You Will Know Me By My Mediocrity

As I have already noted on this blog, I’m not the brightest bulb in the pack.  In fact, I’m quite mediocre compared to most of my graduate student colleagues and many of my students.  Part of that mediocrity, it occurred to me yesterday, stems from my upbringing.  Unlike many of my students and some of my friends, I am not the first person in my family to graduate from college.  My dad went to university, as did his parents–one went to Stanford and the other to Berkeley, for pete’s sake.  So the fact that I am now pursuing a PhD is hardly remarkable.  And despite my family’s collegiate history, I also did not grow up in a notably intellectual household.  The TV was always on; my mom listened to oldies, not NPR; the first “opera” I went to was actually Phantom of the Opera.  As I moved through the stages of academia, I came to know more and more people whose youth was spent in much more sophisticated environments–hosting guests in the parlor, going to the theatre (note the spelling), finding stacks of The New Yorker instead of Sports Illustrated in the bathroom, etc..

This particular life path has contributed to my mediocrity.  Unlike first-in-family students, I am not driven by a sense of family pride and purpose, the sort of relentless I’m-going-to-show-the-world-what-my-family-can-do motivation that I see in some of my friends and students.  I also don’t have the pressure of expectations that might come from growing up in an intellectual household; no one will be disappointed if I never publish a book or get a university job.  And so I float along, knowing that my family has given me every opportunity possible, but not entirely sure what I should do with those opportunities.
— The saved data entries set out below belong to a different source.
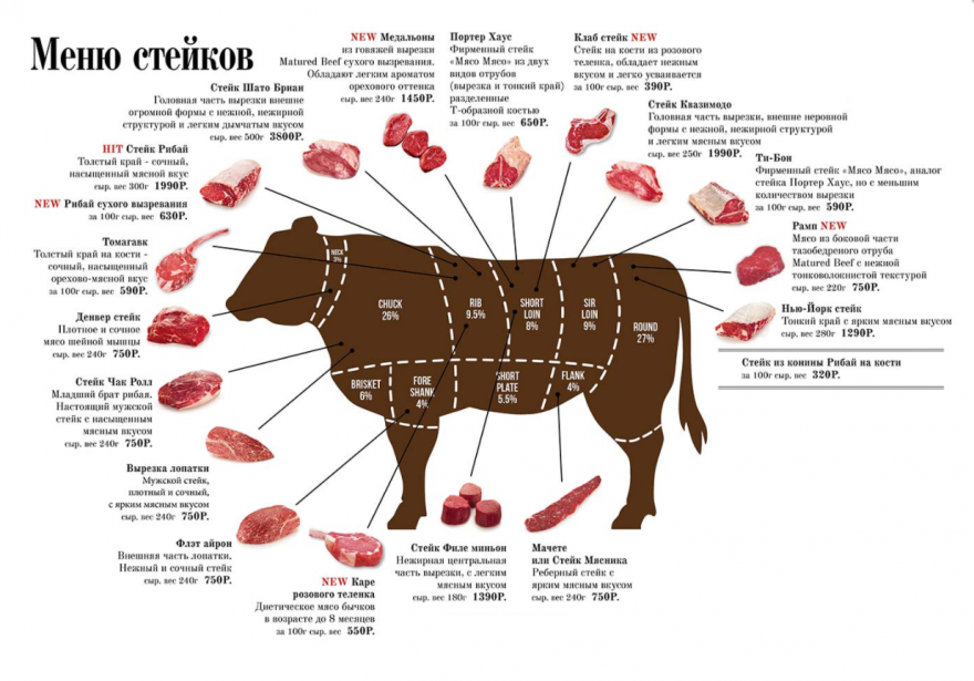 Фанаты стейков смогут подобрать что-нибудь на свой вкус: ти-бон стейк (100 г. сырого веса — 390 руб.), стриплойн (300 г. сырого веса — 1240 руб.), стейк флэт-айрон (250 г. сырого веса — 740 руб.), стейк мясника (250 г. сырого веса — 650 руб.), три-тип (250 г. сырого веса — 650 руб.)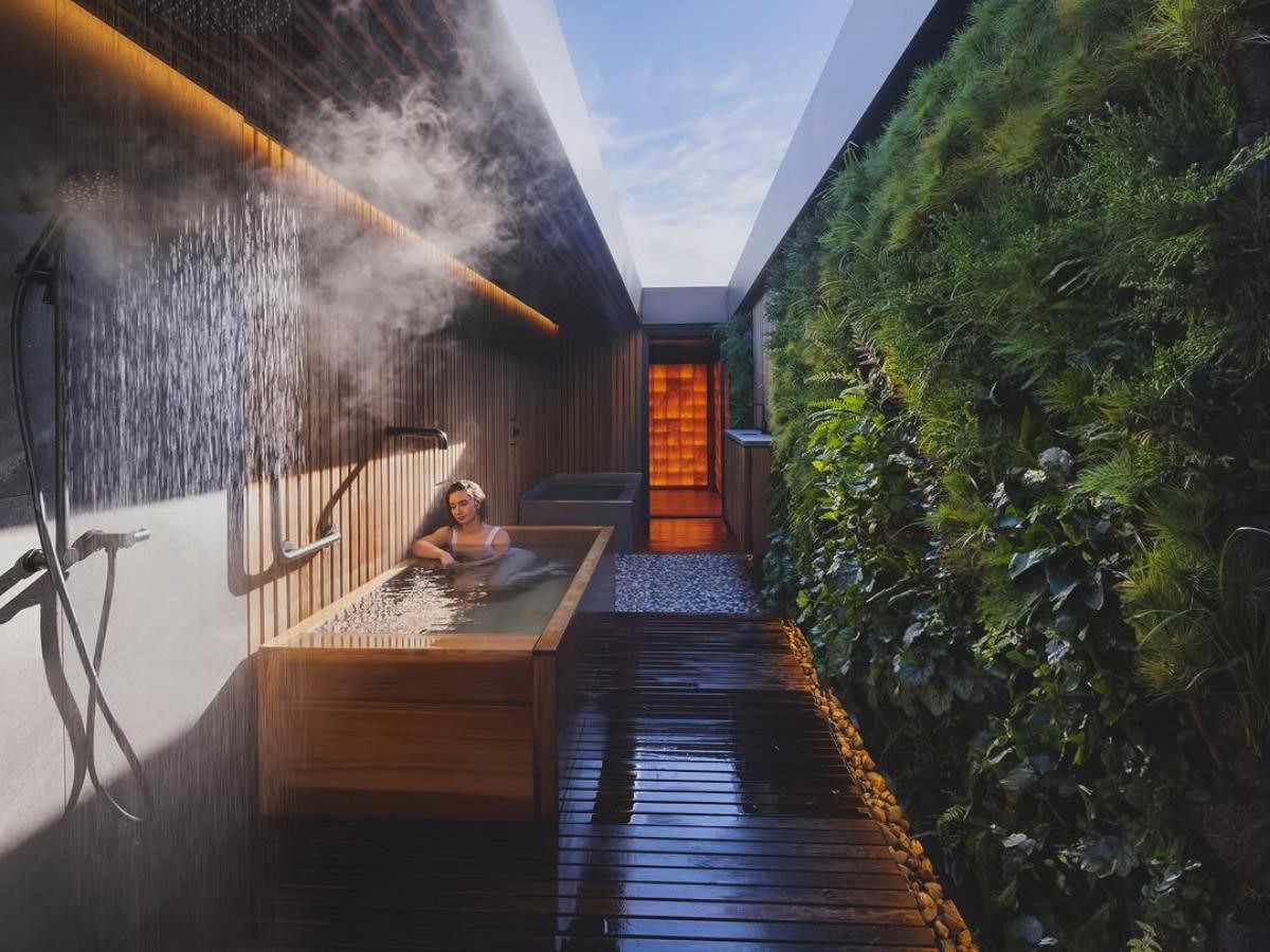 Any industrial atmosphere simply melts away as you step into your own private (and, might we note, clothing-optional) pod for one or two. There, you will be welcomed into a world of luxury as you take a self-guided circuit of rain showers, hot and cold soaks in stunning natural cedar tubs, ‘wellpod’ sauna experience, and open-air reflexology on riverbed stones.
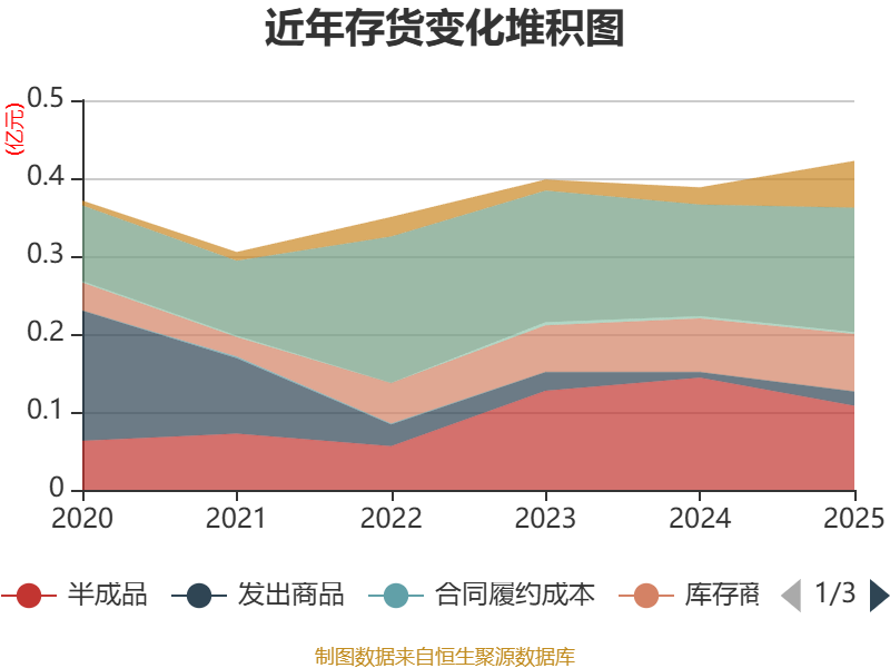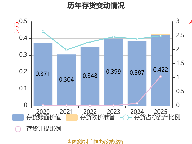 从存货变动来看,截至2025年末,公司存货账面价值为4220.75万元,占净资产的2.49%,较上年末增加346.98万元。其中,存货跌价准备为44.36万元,计提比例为1.04%。

And that’s why I’m so frustrated: because I lack the imagination and creativity to do something remarkable with the freedom and opportunities I’ve been given.  I’m not constrained by family poverty or family expectations; I’m constrained by my own dullness.  That’s the source of my mediocrity, and I’m not sure how or whether I can get past that.

At the end of the day, of course, it’s not some earth-shattering problem.  I do my work, walk my dog, love my spouse: life is good.  Most of the time, that’s enough for me.